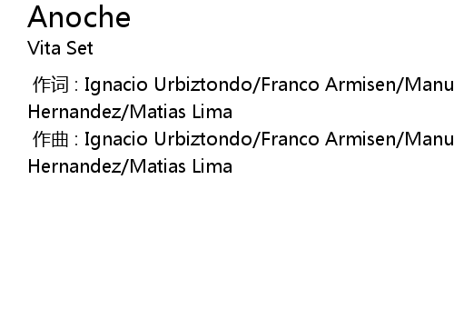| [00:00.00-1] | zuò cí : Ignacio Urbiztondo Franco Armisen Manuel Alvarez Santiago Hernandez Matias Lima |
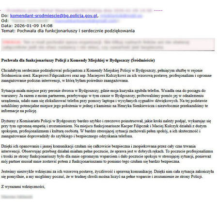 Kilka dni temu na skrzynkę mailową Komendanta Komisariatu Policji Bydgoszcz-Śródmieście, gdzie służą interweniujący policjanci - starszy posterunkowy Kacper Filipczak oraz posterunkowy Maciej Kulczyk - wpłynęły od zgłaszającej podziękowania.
---
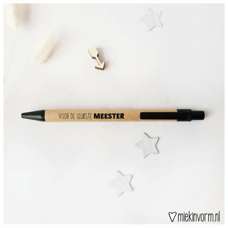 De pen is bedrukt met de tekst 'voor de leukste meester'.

Task goal: Within the listing above, write out the stretch from the line with "Matias Lima |" through the line with "Kilka dni temu" exactly. Any pictures are to be left out.

Exercise output:
| [00:00.00-1] | zuò cí : Ignacio Urbiztondo Franco Armisen Manuel Alvarez Santiago Hernandez Matias Lima |
 Kilka dni temu na skrzynkę mailową Komendanta Komisariatu Policji Bydgoszcz-Śródmieście, gdzie służą interweniujący policjanci - starszy posterunkowy Kacper Filipczak oraz posterunkowy Maciej Kulczyk - wpłynęły od zgłaszającej podziękowania.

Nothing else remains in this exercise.